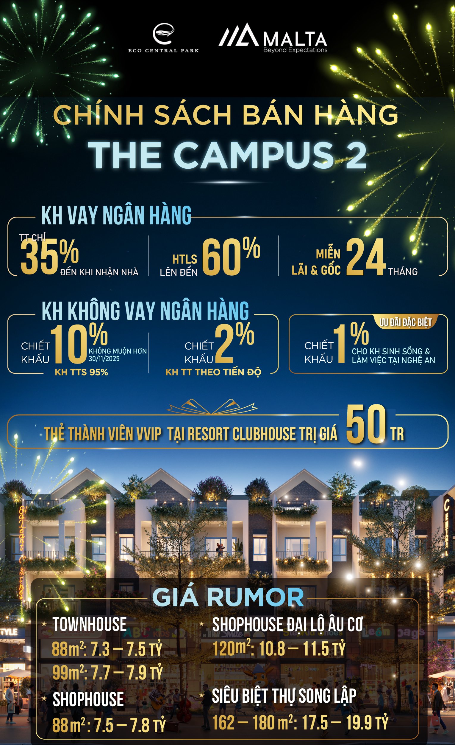 Được mệnh danh là nơi “mọi con đường” về nhà của cư dân Eco Central Park (rộng gần 200ha, tại phường Trường Vinh, tỉnh Nghệ An) đều đi qua, mọi ánh mắt của cư dân đều ngước nhìn, phân khu The Campus 2 tọa lạc tại cửa ngõ đón đầu mọi luồng di chuyển ra vào khu đô thị xanh lớn nhất Bắc Trung Bộ.
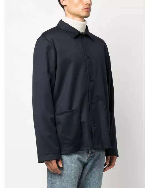 navy blue wool classic collar long sleeves front button fastening two front patch pockets straight hem
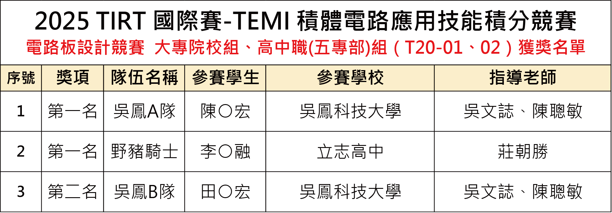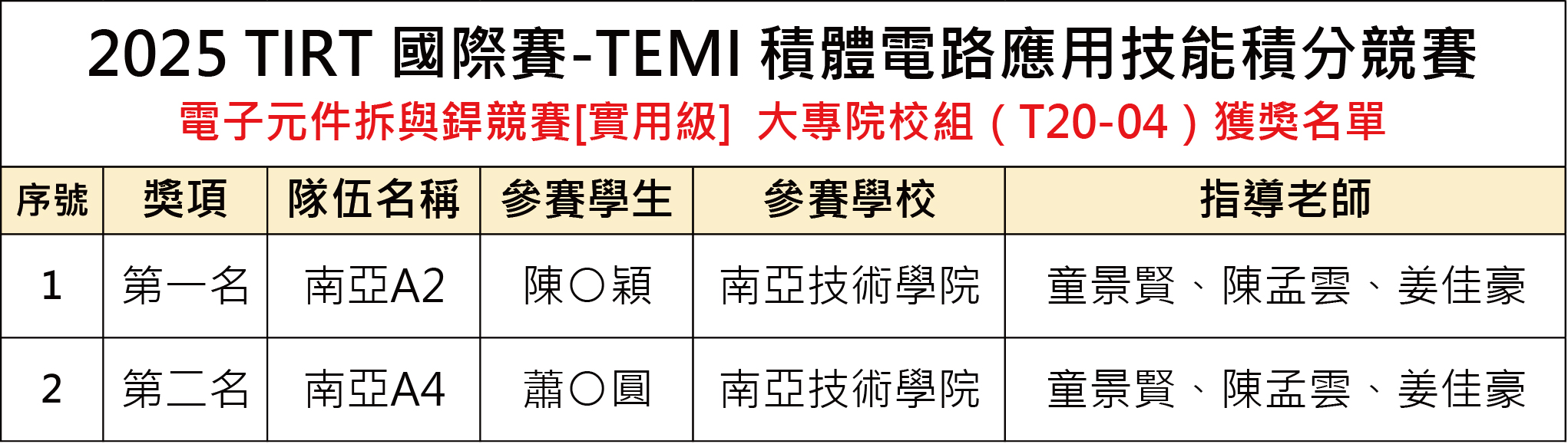 2025 TIRT國際賽-TEMI 積體電路應用技能積分競賽
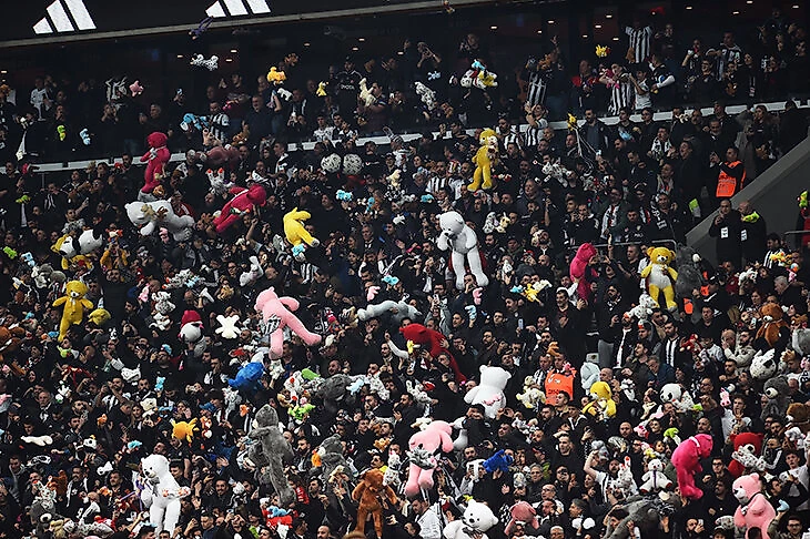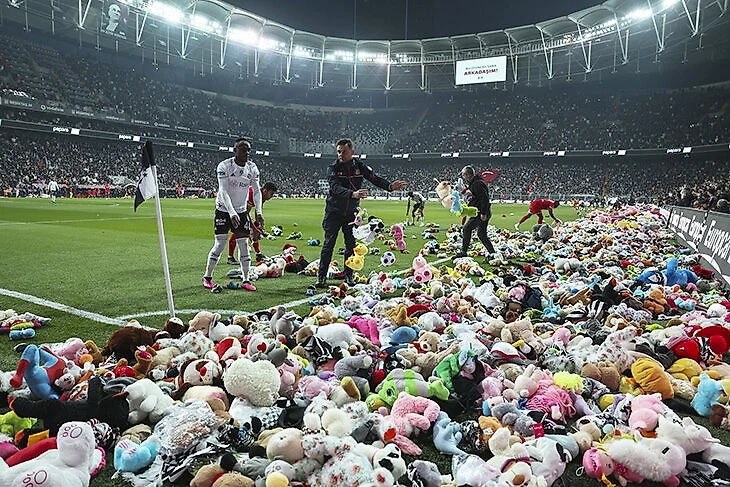 Поле в мягких игрушках – постарались фанаты «Бешикташа» и «Антальяспора». Все отправят детям, пострадавшим от землетрясений
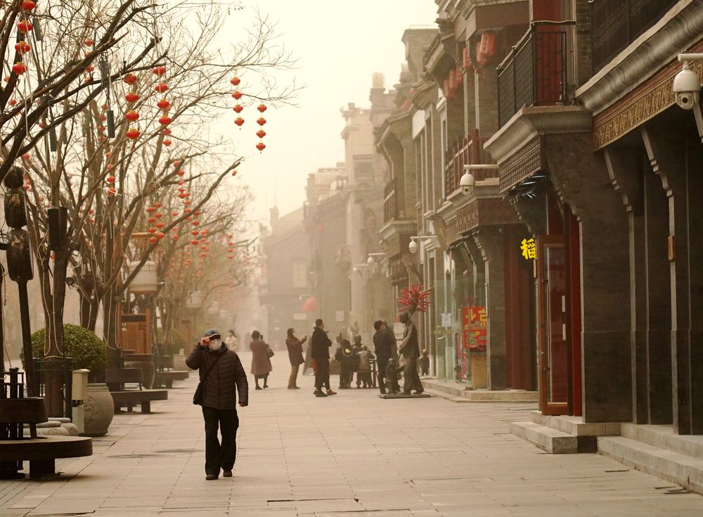 ↑3月15日,行人走在北京前门商业街。新华社记者 张晨霖 摄
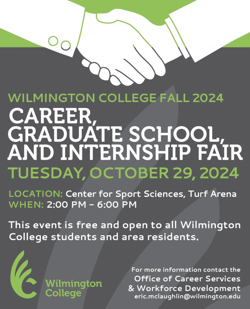 Several dozen recruiters from business, industry, law enforcement, agriculture and non-profit organizations seeking potential employees and interns will converge at Wilmington College for its annual Fall Career Fair on Oct. 29, from 2 to 6 p.m., on the turf field at the Center for Sport Sciences.

• _EXERCISE_
Retype all of the entries exactly as written, leaving out any images.

• _ANSWER BOX_
 Được mệnh danh là nơi “mọi con đường” về nhà của cư dân Eco Central Park (rộng gần 200ha, tại phường Trường Vinh, tỉnh Nghệ An) đều đi qua, mọi ánh mắt của cư dân đều ngước nhìn, phân khu The Campus 2 tọa lạc tại cửa ngõ đón đầu mọi luồng di chuyển ra vào khu đô thị xanh lớn nhất Bắc Trung Bộ.
 navy blue wool classic collar long sleeves front button fastening two front patch pockets straight hem
 2025 TIRT國際賽-TEMI 積體電路應用技能積分競賽
 Поле в мягких игрушках – постарались фанаты «Бешикташа» и «Антальяспора». Все отправят детям, пострадавшим от землетрясений
 ↑3月15日,行人走在北京前门商业街。新华社记者 张晨霖 摄
 Several dozen recruiters from business, industry, law enforcement, agriculture and non-profit organizations seeking potential employees and interns will converge at Wilmington College for its annual Fall Career Fair on Oct. 29, from 2 to 6 p.m., on the turf field at the Center for Sport Sciences.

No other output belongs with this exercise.